On reflection, it seems a bit strange that we did not notice any obvious indication in Sandridge of the connection of the celebrated John Churchill, ancestor of Sir Winston Churchill, with the village in the manor he acquired.  Some months earlier we had visited the village of East Knoyle (in Wiltshire), where the architect Christopher Wren was born in 1632. Despite the fact that Christopher left the village with his family when he was only three years old, visitors to East Knoyle are left in no doubt about its famous connection.

What remains of old Sandridge is attractive, even in the appalling weather conditions that we endured whilst walking around it. The village’s name is derived from ‘Saundruage’ meaning a place of sandy soil worked by bond tenants (i.e., feudal tenants completely subject to a lord or manor to whom they paid dues and services in return for land). The earliest written record of the place is in a document dated 796 AD.

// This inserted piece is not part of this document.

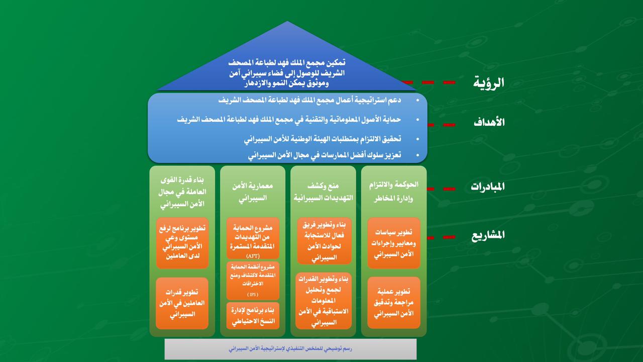 كما تم تفعيل استراتيجية الأمن السيبراني بالمجمع استجابةً للأمر السامي الكريم بأن على جميع الجهات الحكومية رفع مستوى أمنها السيبراني، تم إعداد استراتيجية الأمن السيبراني لتمكين المجمع من الوصول إلى فضاء سيبرانيآمن وموثوق، حيث تهدف الإستراتيجية إلى دعم اعمال المجمع، وحماية الأصول المعلوماتية والتقنية بالمجمع، وتحقيق الالتزام بمتطلبات الهيئة الوطنية للأمن السيبراني، وتعزيز سلوك أفضل الممارسات في مجال الأمن السيبراني، حيث تتضمن الإستراتيجية مبادرات في الحوكمة والالتزام وإدارة المخاطر، ومنع وكشف التهديدات السيبرانية، ومعمارية الأمن السيبراني، وبناء قدرة القوى العاملة في مجال الأمن السيبراني، كما اشتملت الاستراتيجية على 9 مشاريع تطويريه لتنفيذ هذه المبادرات.

The most fascinating building in the village is the Church of St Leonards. Although its exterior looks in great condition, it contains some structural elements that were put in place in the 10th century. These include Roman bricks found at sites near and in St Albans (Roman ‘Verulamium’). The church was consecrated as ‘St Leonards’ by 1119. Later, the church experienced modifications and enlargements.  Sadly, but predictably during this time of pandemic, the church was locked. So, we will have to make another visit to see this interesting building when things ease up. Likewise, the picturesque Queen’s Head pub next to the church was also closed, except for take-away meals.

The Queens Head was built in the 17th century and, maybe, earlier, but has had much later work done to it (https://historicengland.org.uk/listing/the-list/list-entry/1102874).  The pub sign has the portrait of a woman’s head. The lady depicted has long black hair and is wearing a garment that exposes her neck and upper chest but not her cleavage. One long ringlet of her hair, which ends in a helical coil, is draped over the front of her left shoulder, and her face is looking slightly towards her right. The portrayal on the pub sign resembles that of Queen Anne (reigned 1702-1714) found in many better painted pictures.  This might not be accidental on a pub that existed long before Anne was on the throne. For, Lady Sarah Churchill, John’s wife, was a court favourite of Queen Anne. Incidentally, it is one of three pubs in this tiny village.

Once again, a short stop in a small English village has been most rewarding both from the aesthetic viewpoint and also because it has caused me to learn yet more detail about the fascinating history of the country where I live. I am grateful to our friends in Hatfield for giving us an excuse to discover Sandridge, a place so close to London but until yesterday, not on our ‘radar’.